Compile the sample by following build instructions in TensorRT README.

Run the sample.

./sample_dynamic_reshape [-h or --help] [-d or --datadir=<path to data directory>] [--useDLACore=<int>] [--int8 or --fp16]

For example:

./sample_dynamic_reshape --datadir $TRT_DATADIR/char-rnn --fp16

Verify that the sample ran successfully.
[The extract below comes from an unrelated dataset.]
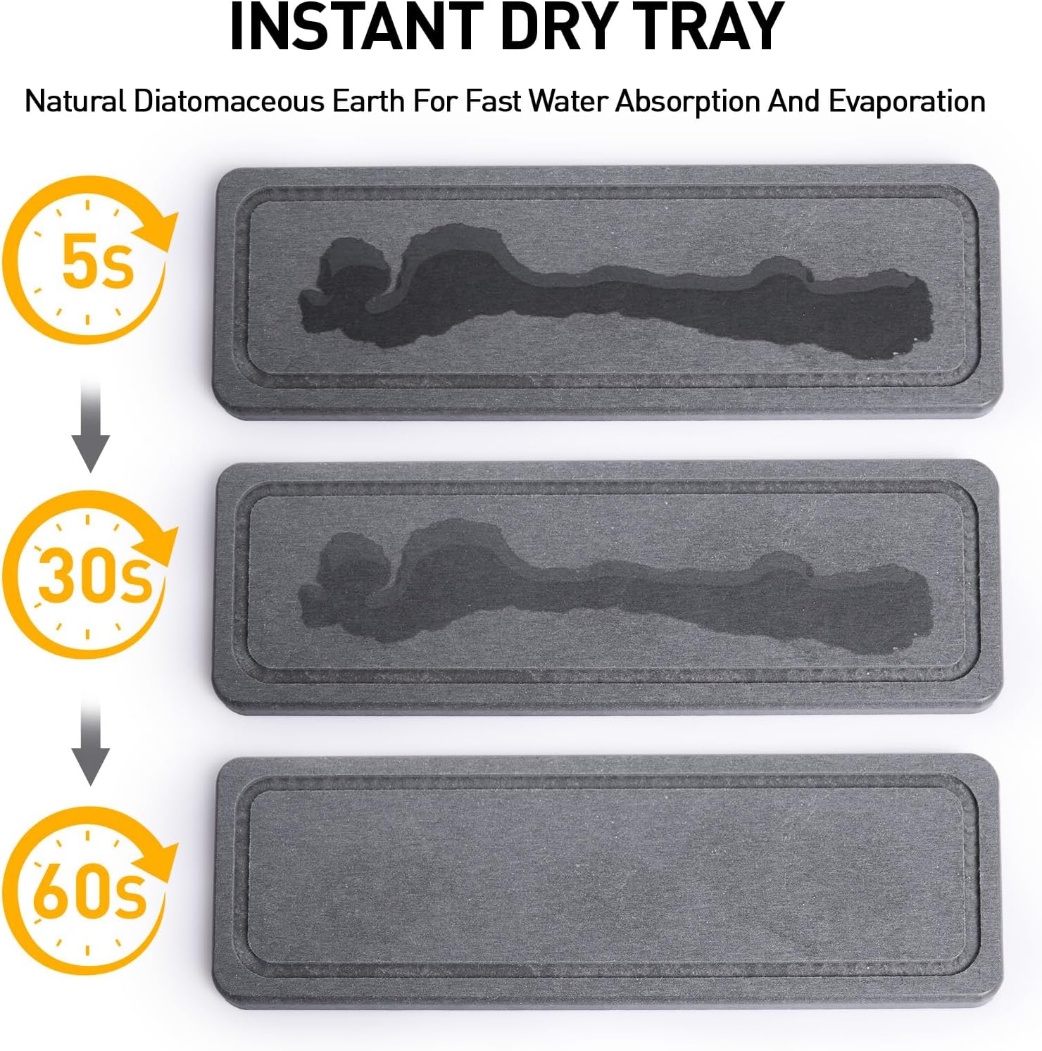 • 【QUICK DRY TRAY】Moforoco's soap dispenser set uses a new material, diatomaceous earth. Experiments have shown that diatomaceous earth has stronger water absorption, is environmentally friendly and safe, and has the characteristics of quick drying. It is very suitable for use around the sink and sink, so that the kitchen sink is always dry.

If the sample runs successfully you should see output similar to the following:

    &&&& RUNNING TensorRT.sample_dynamic_reshape # ./sample_dynamic_reshape
----------------------------------------------------------------
Input filename:   ../../../../../data/samples/mnist/mnist.onnx
ONNX IR version:  0.0.3
Opset version:    8
Producer name:    CNTK
Producer version: 2.5.1
Domain:           ai.cntk
Model version:    1
Doc string:
----------------------------------------------------------------
[W] [TRT] onnx2trt_utils.cpp:214: Your ONNX model has been generated with INT64 weights, while TensorRT does not natively support INT64. Attempting to cast down to INT32.
[W] [TRT] onnx2trt_utils.cpp:214: Your ONNX model has been generated with INT64 weights, while TensorRT does not natively support INT64. Attempting to cast down to INT32.
[I] [TRT] Detected 1 inputs and 1 output network tensors.
[I] [TRT] Detected 1 inputs and 1 output network tensors.
[I] Profile dimensions in preprocessor engine:
[I]     Minimum = (1, 1, 1, 1)
[I]     Optimum = (1, 1, 28, 28)
[I]     Maximum = (1, 1, 56, 56)
[I] Input:
@@@@@@@@@@@@@@@@@@@@@@@@@@@@
@@@@@@@@@@@@@@@@@@@@@@@@@@@@
@@@@@@@@@@@@@@@@@@@@@@@@@@@@
@@@@@@@@@@@@@@@@@@@@@@@@@@@@
@@@@@@@@@@@*.  .*@@@@@@@@@@@
@@@@@@@@@@*.     +@@@@@@@@@@
@@@@@@@@@@. :#+   %@@@@@@@@@
@@@@@@@@@@.:@@@+  +@@@@@@@@@
@@@@@@@@@@.:@@@@: +@@@@@@@@@
@@@@@@@@@@=%@@@@: +@@@@@@@@@
@@@@@@@@@@@@@@@@# +@@@@@@@@@
@@@@@@@@@@@@@@@@* +@@@@@@@@@
@@@@@@@@@@@@@@@@: +@@@@@@@@@
@@@@@@@@@@@@@@@@: +@@@@@@@@@
@@@@@@@@@@@@@@@* .@@@@@@@@@@
@@@@@@@@@@%**%@. *@@@@@@@@@@
@@@@@@@@%+.  .: .@@@@@@@@@@@
@@@@@@@@=  ..   :@@@@@@@@@@@
@@@@@@@@: *@@:  :@@@@@@@@@@@
@@@@@@@%  %@*    *@@@@@@@@@@
@@@@@@@%  ++  ++ .%@@@@@@@@@
@@@@@@@@-    +@@- +@@@@@@@@@
@@@@@@@@=  :*@@@# .%@@@@@@@@
@@@@@@@@@+*@@@@@%.  %@@@@@@@
@@@@@@@@@@@@@@@@@@@@@@@@@@@@
@@@@@@@@@@@@@@@@@@@@@@@@@@@@
@@@@@@@@@@@@@@@@@@@@@@@@@@@@
@@@@@@@@@@@@@@@@@@@@@@@@@@@@

[I] Output:
[I]  Prob 0  0.0000 Class 0:
[I]  Prob 1  0.0000 Class 1:
[I]  Prob 2  1.0000 Class 2: **********
[I]  Prob 3  0.0000 Class 3:
[I]  Prob 4  0.0000 Class 4:
[I]  Prob 5  0.0000 Class 5:
[I]  Prob 6  0.0000 Class 6:
[I]  Prob 7  0.0000 Class 7:
[I]  Prob 8  0.0000 Class 8:
[I]  Prob 9  0.0000 Class 9:
&&&& PASSED TensorRT.sample_dynamic_reshape # ./sample_dynamic_reshape

This output shows that the sample ran successfully; PASSED.